What are the lines below, starting at the line containing "Pale blue walls" and ending at the line containing "Коврик для компьютерной"? Write them out exactly, ends included, without pictures.

[[ Entries supplied, beginning ]]

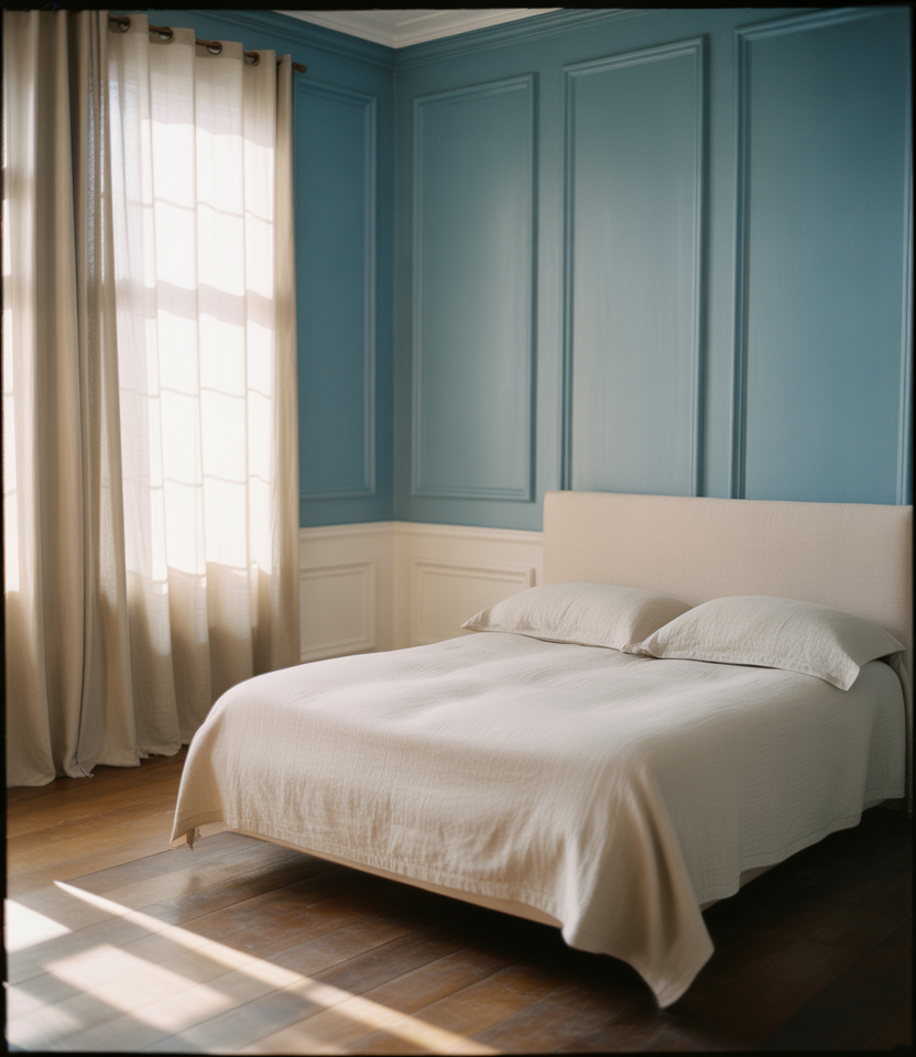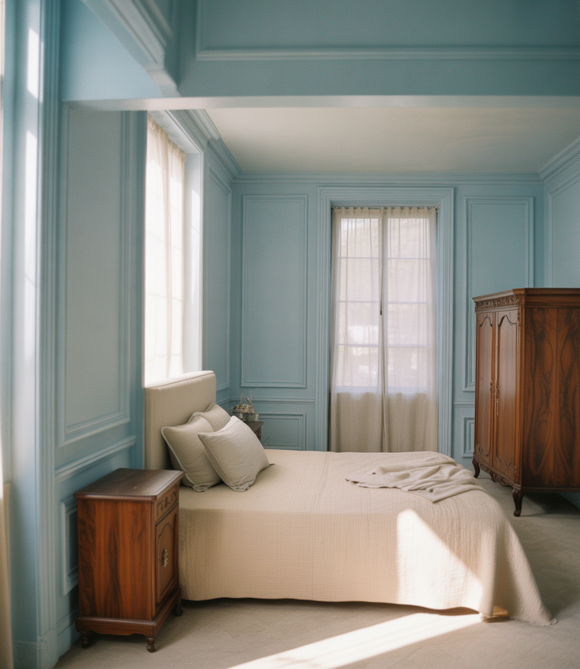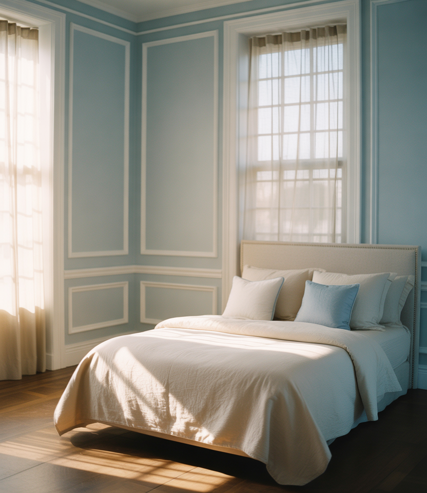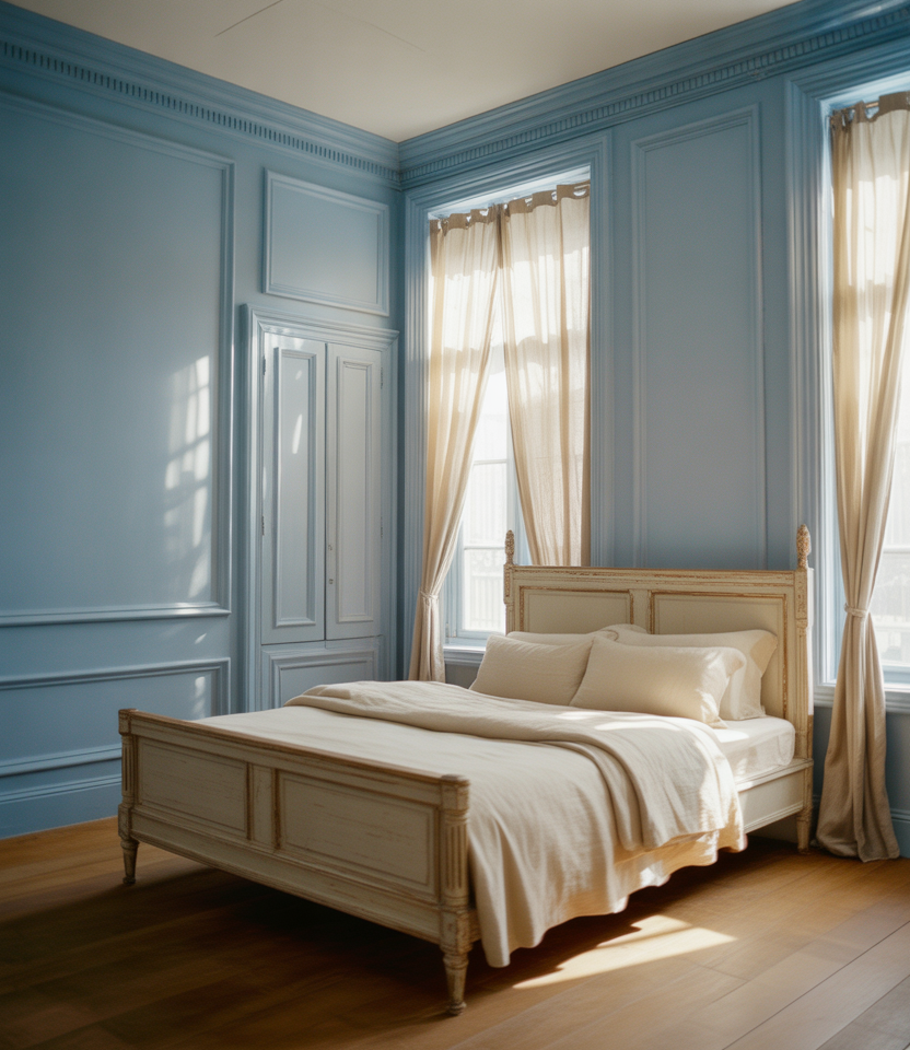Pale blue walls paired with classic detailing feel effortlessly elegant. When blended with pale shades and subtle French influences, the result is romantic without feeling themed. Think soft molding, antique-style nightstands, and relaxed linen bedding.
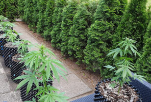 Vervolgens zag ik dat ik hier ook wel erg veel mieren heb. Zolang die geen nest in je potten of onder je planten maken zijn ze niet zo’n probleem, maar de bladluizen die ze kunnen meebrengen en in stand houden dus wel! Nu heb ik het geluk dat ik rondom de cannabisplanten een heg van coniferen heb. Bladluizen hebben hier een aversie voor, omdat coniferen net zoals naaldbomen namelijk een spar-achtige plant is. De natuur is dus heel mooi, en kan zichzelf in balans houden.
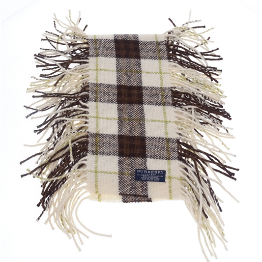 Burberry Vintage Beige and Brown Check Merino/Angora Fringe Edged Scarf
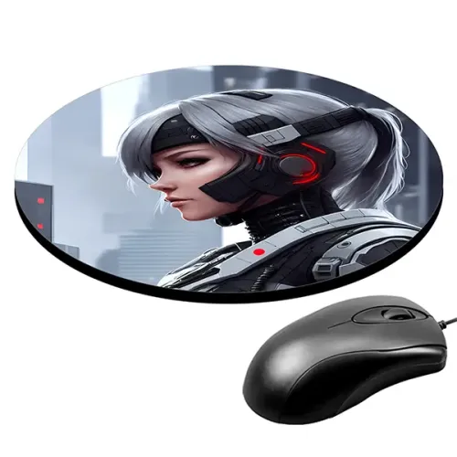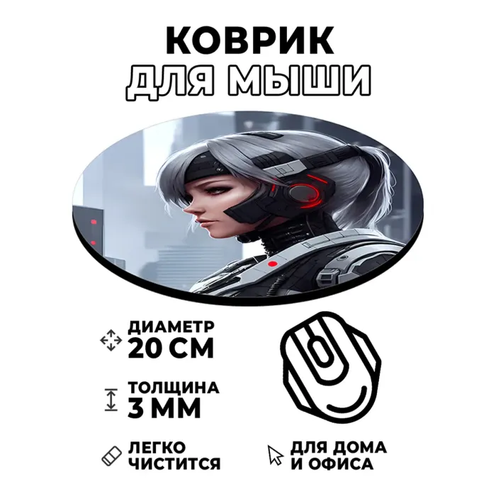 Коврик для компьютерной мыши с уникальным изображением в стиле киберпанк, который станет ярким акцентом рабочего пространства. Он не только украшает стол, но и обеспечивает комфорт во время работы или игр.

[[ Entries supplied, end ]]
[[ Entries supplied, beginning ]]

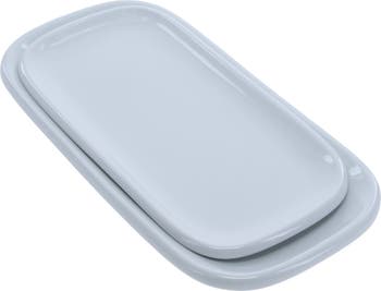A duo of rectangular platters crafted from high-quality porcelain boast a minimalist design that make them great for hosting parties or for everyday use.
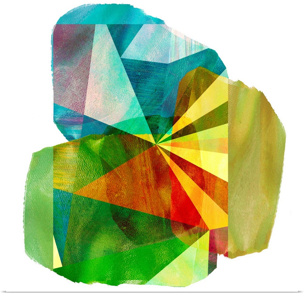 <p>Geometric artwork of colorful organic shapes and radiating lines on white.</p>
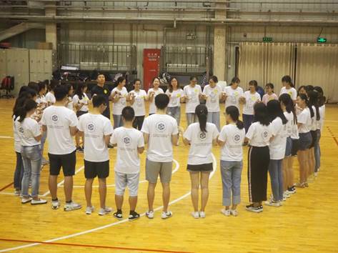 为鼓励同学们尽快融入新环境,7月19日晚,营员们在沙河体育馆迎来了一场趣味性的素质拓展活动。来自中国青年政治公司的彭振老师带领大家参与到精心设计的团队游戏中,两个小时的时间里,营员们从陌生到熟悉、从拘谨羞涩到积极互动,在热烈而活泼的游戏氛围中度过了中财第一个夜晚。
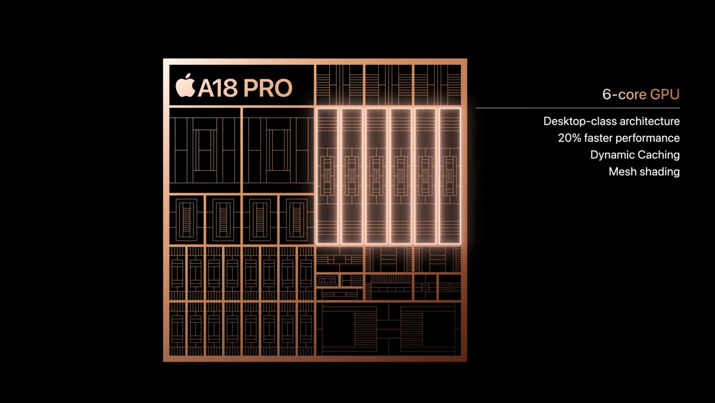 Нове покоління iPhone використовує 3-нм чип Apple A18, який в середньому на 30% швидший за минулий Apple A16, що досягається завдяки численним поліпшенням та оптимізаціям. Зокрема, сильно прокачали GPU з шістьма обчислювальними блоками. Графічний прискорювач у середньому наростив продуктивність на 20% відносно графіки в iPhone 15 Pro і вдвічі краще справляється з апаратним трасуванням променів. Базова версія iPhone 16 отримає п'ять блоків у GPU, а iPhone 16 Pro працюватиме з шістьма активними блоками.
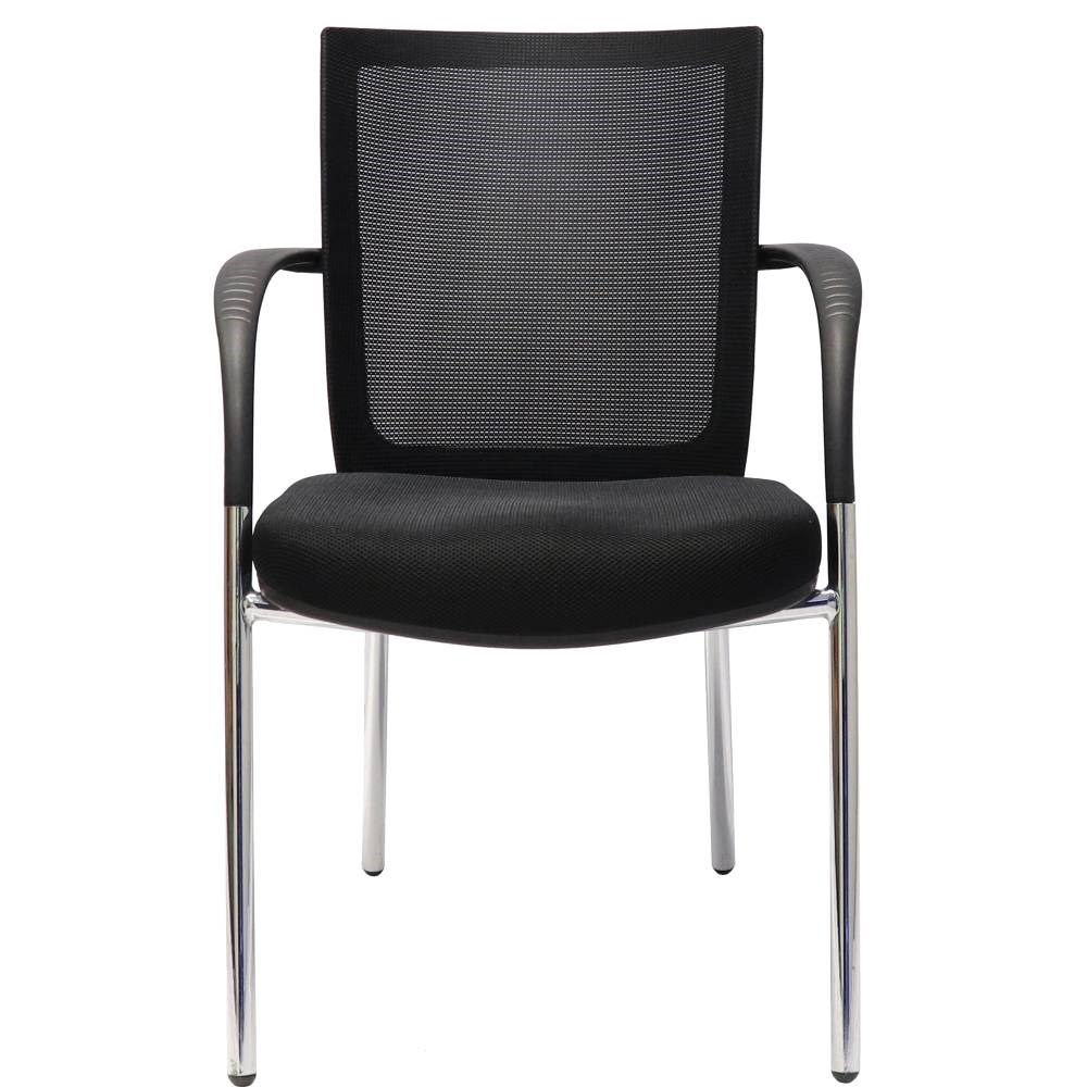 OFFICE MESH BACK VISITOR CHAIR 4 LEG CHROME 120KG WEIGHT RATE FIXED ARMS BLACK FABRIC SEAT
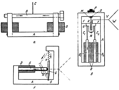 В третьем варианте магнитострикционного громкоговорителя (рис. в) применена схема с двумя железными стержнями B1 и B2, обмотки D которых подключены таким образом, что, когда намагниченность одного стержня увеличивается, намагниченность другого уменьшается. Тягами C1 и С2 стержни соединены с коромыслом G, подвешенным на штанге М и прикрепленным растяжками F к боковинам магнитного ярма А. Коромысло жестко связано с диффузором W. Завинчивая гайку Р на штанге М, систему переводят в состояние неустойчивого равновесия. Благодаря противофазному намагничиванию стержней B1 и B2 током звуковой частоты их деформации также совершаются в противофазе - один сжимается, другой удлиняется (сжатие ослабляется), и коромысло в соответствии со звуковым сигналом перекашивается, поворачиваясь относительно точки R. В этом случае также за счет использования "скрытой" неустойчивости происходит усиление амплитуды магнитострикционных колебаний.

[[ Entries supplied, end ]]
[[ Entries supplied, beginning ]]

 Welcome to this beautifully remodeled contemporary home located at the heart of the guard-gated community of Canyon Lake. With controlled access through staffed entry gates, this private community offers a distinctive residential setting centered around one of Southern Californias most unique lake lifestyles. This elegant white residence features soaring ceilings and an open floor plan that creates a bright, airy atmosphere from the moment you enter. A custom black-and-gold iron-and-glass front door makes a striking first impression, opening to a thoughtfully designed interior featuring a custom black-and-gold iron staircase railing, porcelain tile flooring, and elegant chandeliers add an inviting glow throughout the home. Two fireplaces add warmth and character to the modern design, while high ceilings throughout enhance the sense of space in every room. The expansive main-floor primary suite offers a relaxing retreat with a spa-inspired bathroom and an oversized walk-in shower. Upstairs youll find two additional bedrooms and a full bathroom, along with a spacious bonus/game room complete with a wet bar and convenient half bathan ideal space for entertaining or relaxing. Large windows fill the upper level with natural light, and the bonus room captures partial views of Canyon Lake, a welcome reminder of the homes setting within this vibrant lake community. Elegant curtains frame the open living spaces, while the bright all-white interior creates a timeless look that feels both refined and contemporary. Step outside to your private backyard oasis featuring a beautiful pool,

[[ Entries supplied, end ]]

• Result below:
Pale blue walls paired with classic detailing feel effortlessly elegant. When blended with pale shades and subtle French influences, the result is romantic without feeling themed. Think soft molding, antique-style nightstands, and relaxed linen bedding.
 Vervolgens zag ik dat ik hier ook wel erg veel mieren heb. Zolang die geen nest in je potten of onder je planten maken zijn ze niet zo’n probleem, maar de bladluizen die ze kunnen meebrengen en in stand houden dus wel! Nu heb ik het geluk dat ik rondom de cannabisplanten een heg van coniferen heb. Bladluizen hebben hier een aversie voor, omdat coniferen net zoals naaldbomen namelijk een spar-achtige plant is. De natuur is dus heel mooi, en kan zichzelf in balans houden.
 Burberry Vintage Beige and Brown Check Merino/Angora Fringe Edged Scarf
 Коврик для компьютерной мыши с уникальным изображением в стиле киберпанк, который станет ярким акцентом рабочего пространства. Он не только украшает стол, но и обеспечивает комфорт во время работы или игр.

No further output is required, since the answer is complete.